Comedy career
- Medium: Standup
- Website: gregjohnson.tv

= Greg Johnson (comedian) =

Greg Johnson is an American stand-up comedian, actor and TV host.

==Early life==
Johnson grew up in Wellesley, Massachusetts and attended The Roxbury Latin School in West Roxbury, Massachusetts. Johnson has two siblings, Neil and Brian.

==Career==
Johnson began his comedy career in Boston at age 17. Upon moving to New York City, he hosted a weekly show at Manhattan night club Rififi, performing alongside comedians such as David Cross, Aziz Ansari, Hannibal Buress, Kristen Schaal, Chelsea Peretti and Jenny Slate. The "Greg Johnson and Larry Murphy Show" at Rififi was named Best Variety Show by the ECNY Awards.

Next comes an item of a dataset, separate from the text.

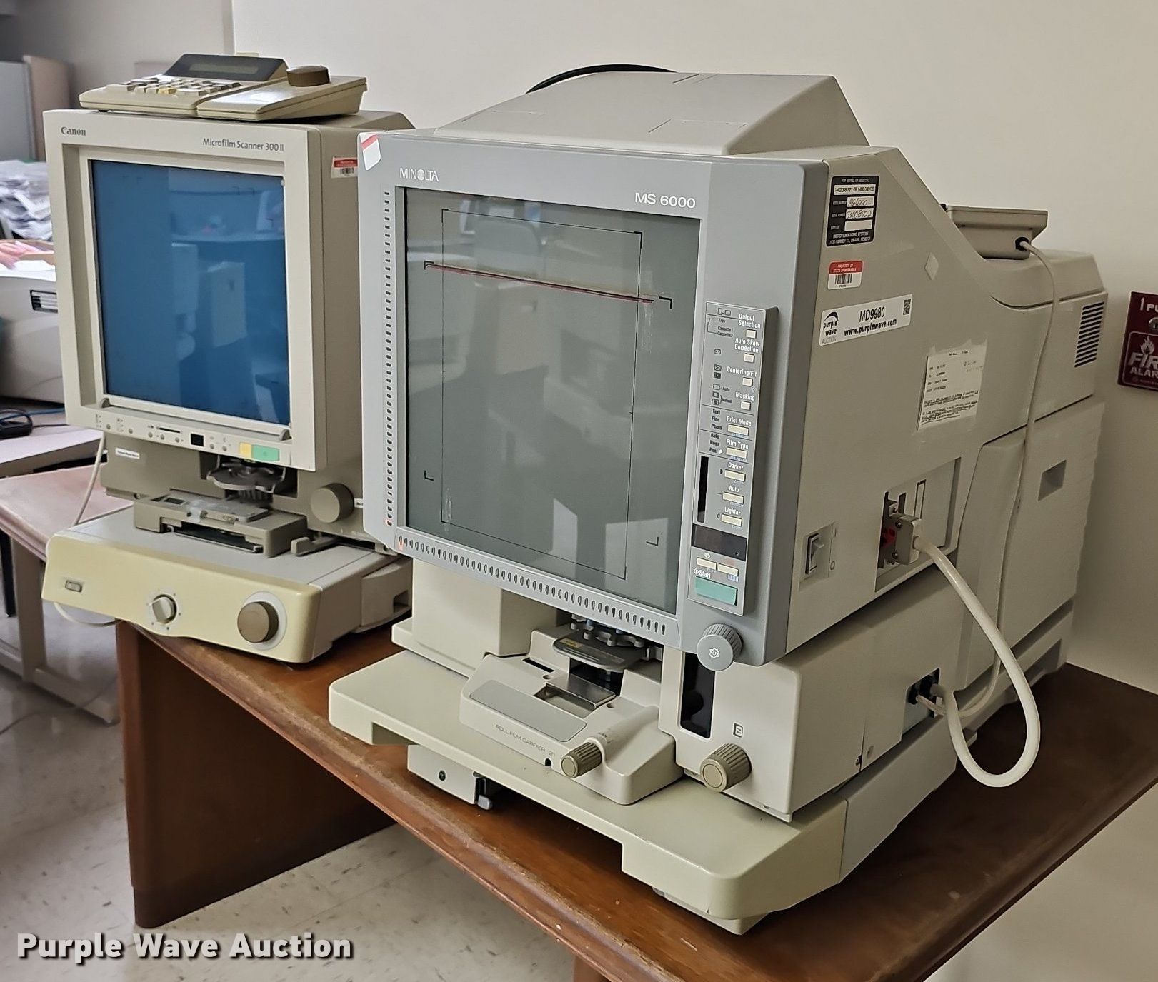 Purple Wave is selling a used Electronics in Nebraska. This item is a Electronics with the following: Canon 300 II microfilm scanner, Minolta MS 6000 microfilm reader

Johnson has made appearances on the television programs Last Week Tonight with John Oliver on HBO and IFC's The Whitest Kids U' Know. He has also appeared in the feature films Adventures in Comedy and Adult Beginners starring Nick Kroll and Rose Byrne. He has performed live with The Whitest Kids U' Know, comedian Trevor Moore, as part of the Eugene Mirman Comedy Festival, and in venues nationwide including Gramercy Theater in New York City, Wilbur Theater in Boston, Massachusetts, and Shubert Theatre in New Haven, Connecticut. Johnson formerly hosted the talk radio show Get in Bed weeknights on Sirius Satellite Radio. He hosts the daily live television news show BK Live on BRIC TV, the cable TV and digital network of BRIC Arts Media. In 2015, Johnson began producing and starring in the television series Stand Up Brooklyn with Greg Johnson on BRIC TV, based on his weekly live comedy series.

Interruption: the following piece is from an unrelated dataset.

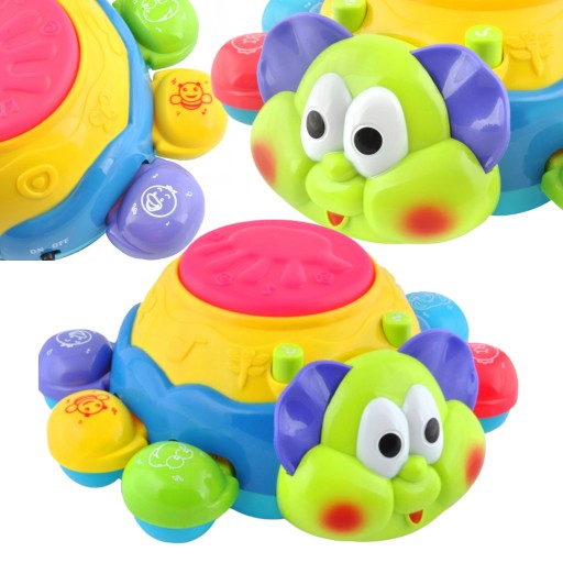 Іграшка грає мелодії і бігає (тікає), що допомагає навчитися повзати.

Brooklyn Magazine called Johnson one of The 50 Funniest People in Brooklyn. New York magazine said, "It's a wonder Greg Johnson gets any sleep," about his comedy hosting, blogging and Twitter activity. Brooklyn Vegan called Johnson "a classic stand-up comedian who is all about economical and brilliant set-up and delivery."

==Personal life==
Johnson lives in Park Slope, Brooklyn.